Pictures stay out of the copy, and everything else in the data below is repeated exactly.

### INPUT DATA
#####

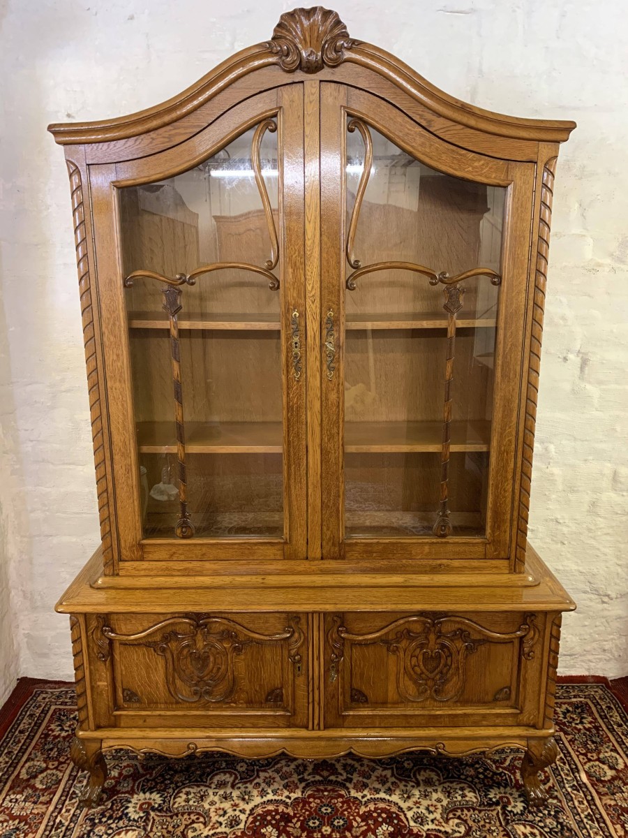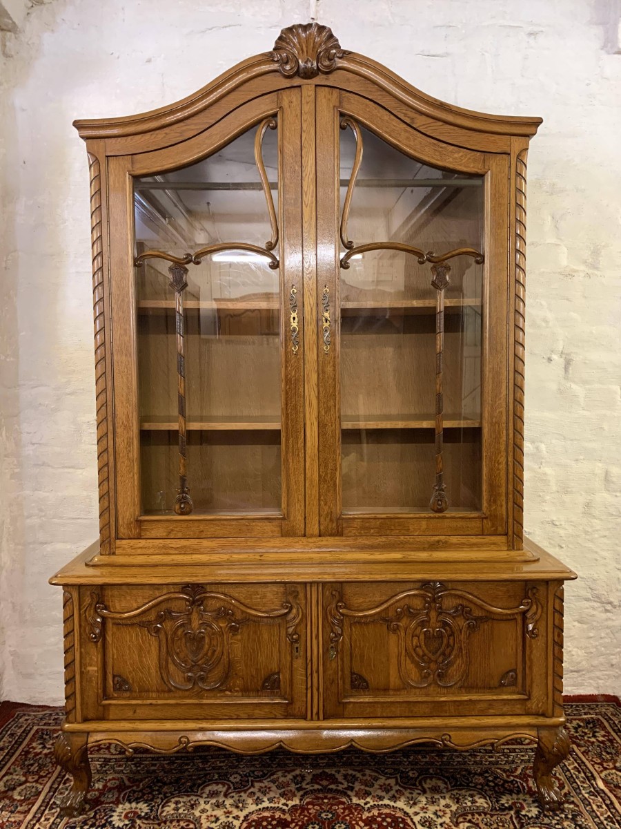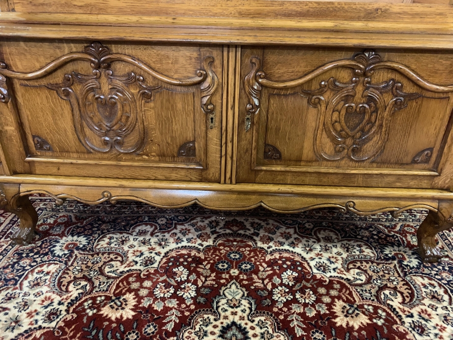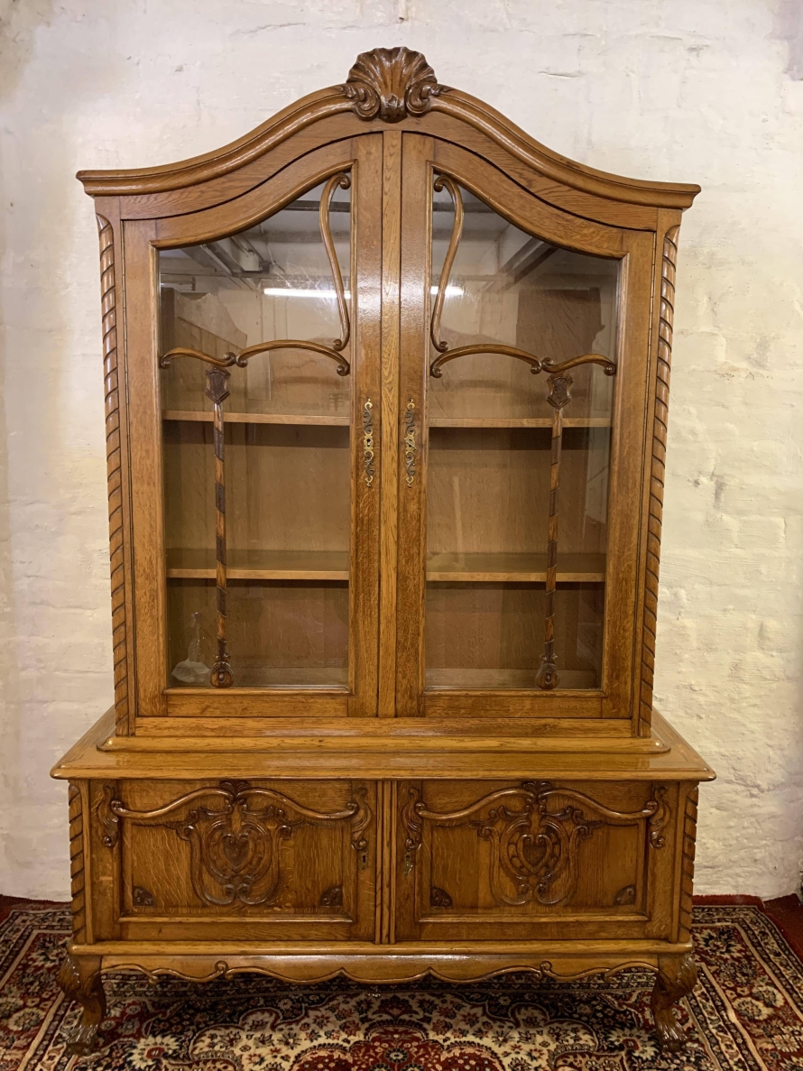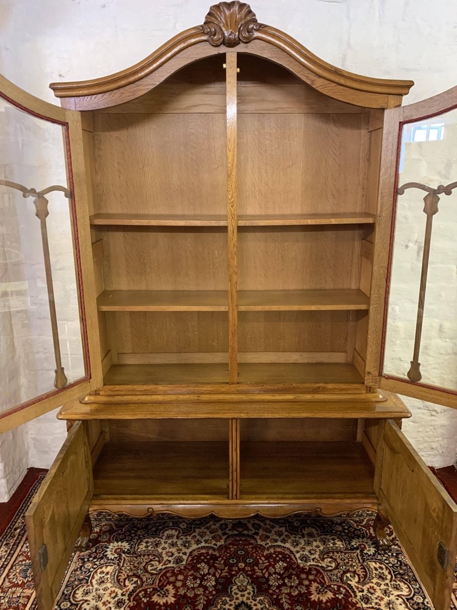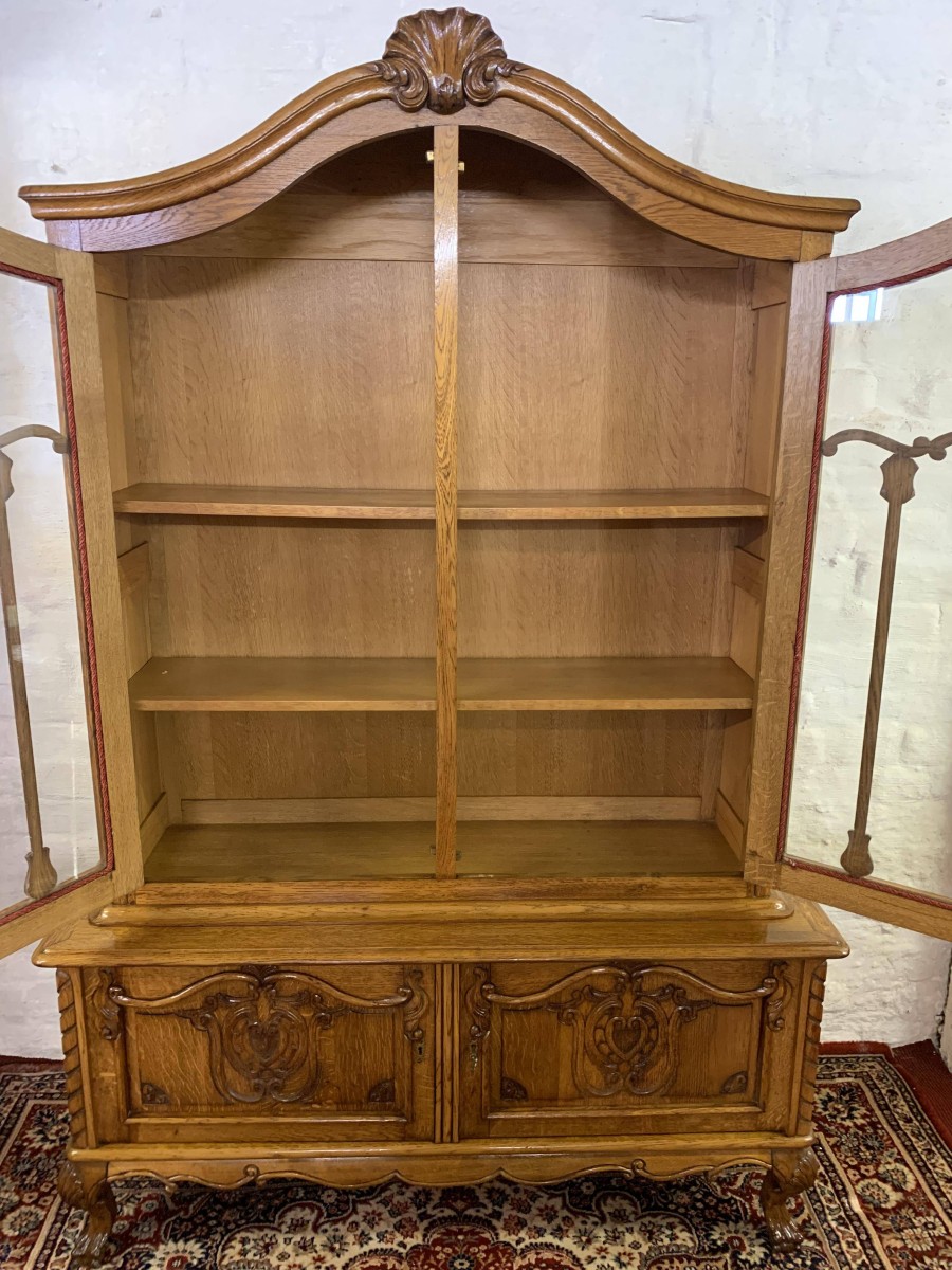 The removable top rises to a central fan carving. Below are a pair of shaped glazed cupboard doors, each door having super decorative wood barring, brass escutcheon and key. The sides have decorative carvings. The base has a pair of decorative carved lockable doors, the doors open to reveal ample storage. The top glazed doors open to reveal two removable shelves. Recessed panelled sides, shaped carved skirt. This stunning cabinet sits on carved shaped cabriole legs and ball and claw feet.
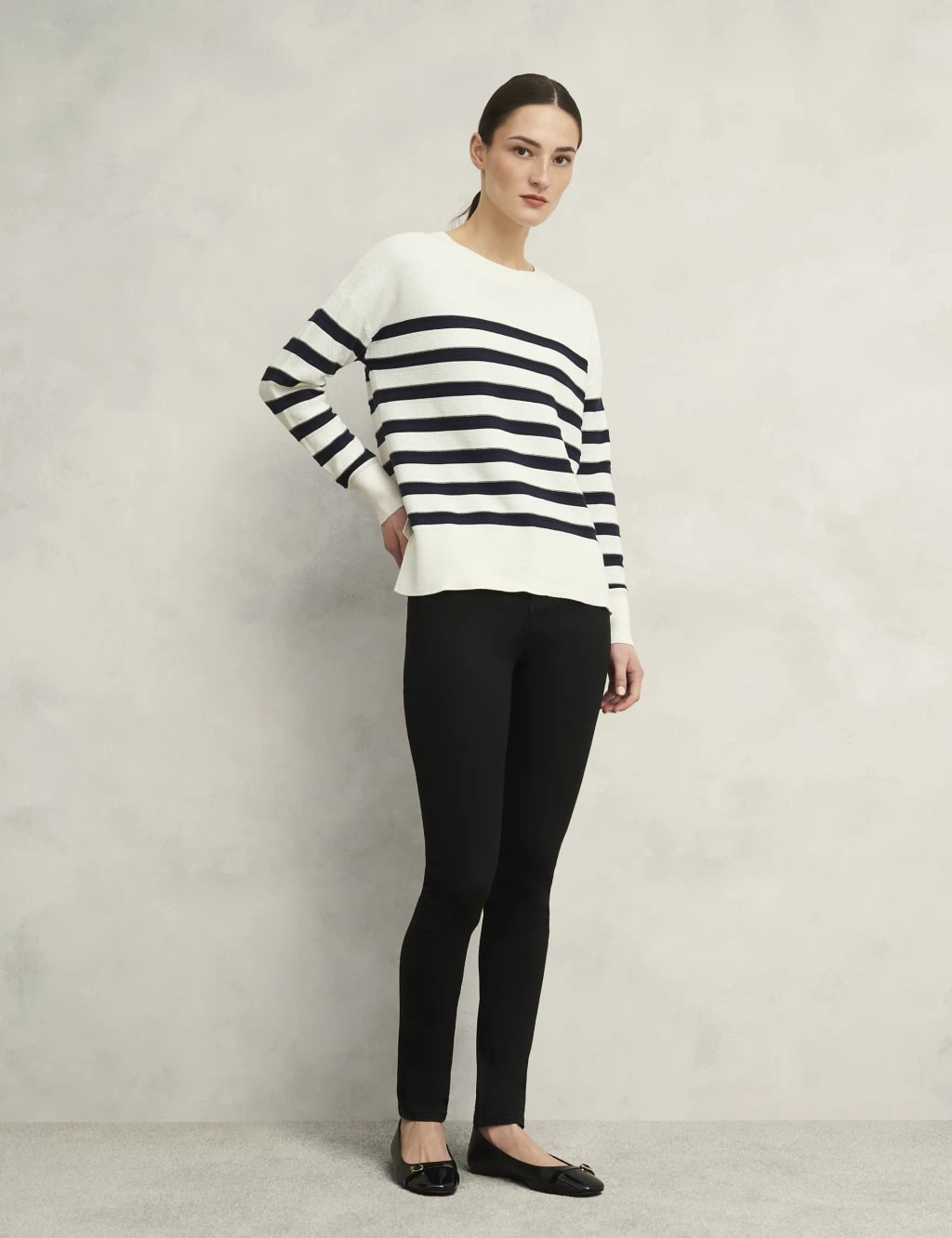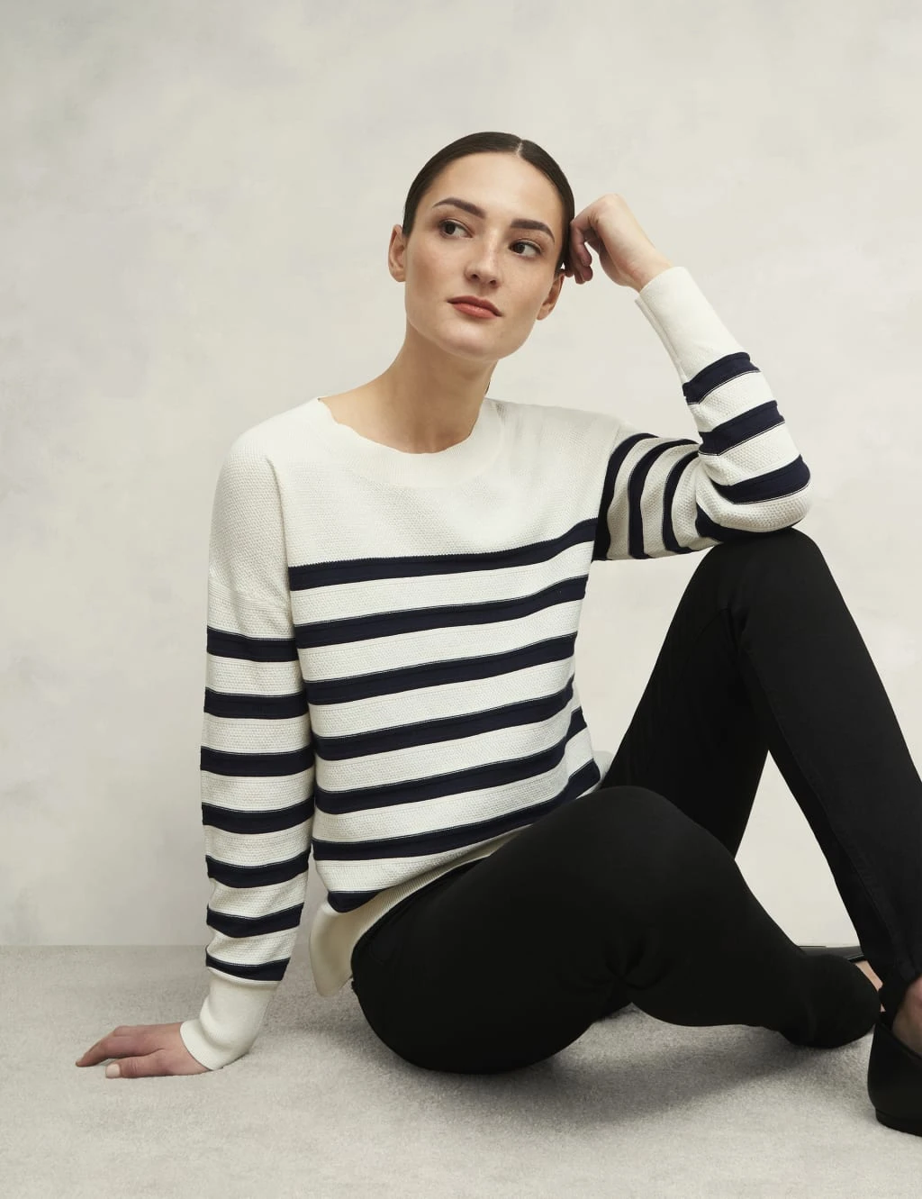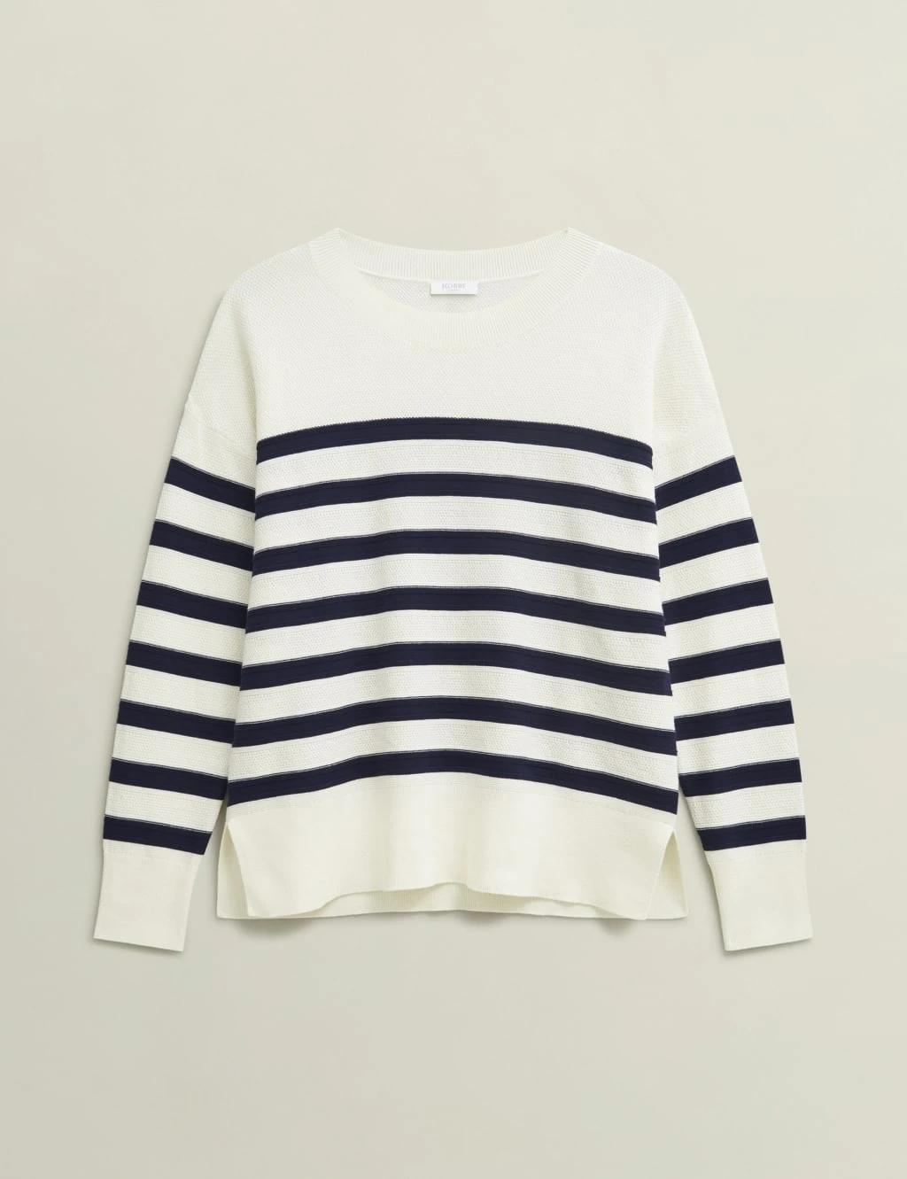Crafted from pure cotton, this women’s Hobbs jumper offers both comfort and breathability in an enduring design. The regular fit and crew neckline create an effortlessly smart silhouette, while the all-over striped pattern features subtle texture for added visual interest. Casual dropped shoulders and long sleeves ensure everyday wearability, making this sweater perfect for any occasion, complemented by a split hem that makes layering a breeze.
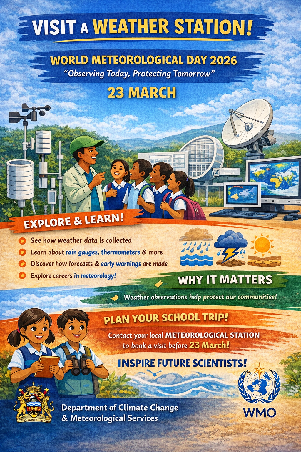 This year’s World Meteorological Day focuses on the critical role that weather and climate observations play in the Early Warning value chain. Under the theme “Observing Today, Protecting Tomorrow,” the celebration highlights how accurate and continuous observations of the atmosphere, oceans, and land form the foundation for reliable weather forecasts, climate monitoring, and disaster early warning systems.

#####

### SOLUTION BELOW
 The removable top rises to a central fan carving. Below are a pair of shaped glazed cupboard doors, each door having super decorative wood barring, brass escutcheon and key. The sides have decorative carvings. The base has a pair of decorative carved lockable doors, the doors open to reveal ample storage. The top glazed doors open to reveal two removable shelves. Recessed panelled sides, shaped carved skirt. This stunning cabinet sits on carved shaped cabriole legs and ball and claw feet.
Crafted from pure cotton, this women’s Hobbs jumper offers both comfort and breathability in an enduring design. The regular fit and crew neckline create an effortlessly smart silhouette, while the all-over striped pattern features subtle texture for added visual interest. Casual dropped shoulders and long sleeves ensure everyday wearability, making this sweater perfect for any occasion, complemented by a split hem that makes layering a breeze.
 This year’s World Meteorological Day focuses on the critical role that weather and climate observations play in the Early Warning value chain. Under the theme “Observing Today, Protecting Tomorrow,” the celebration highlights how accurate and continuous observations of the atmosphere, oceans, and land form the foundation for reliable weather forecasts, climate monitoring, and disaster early warning systems.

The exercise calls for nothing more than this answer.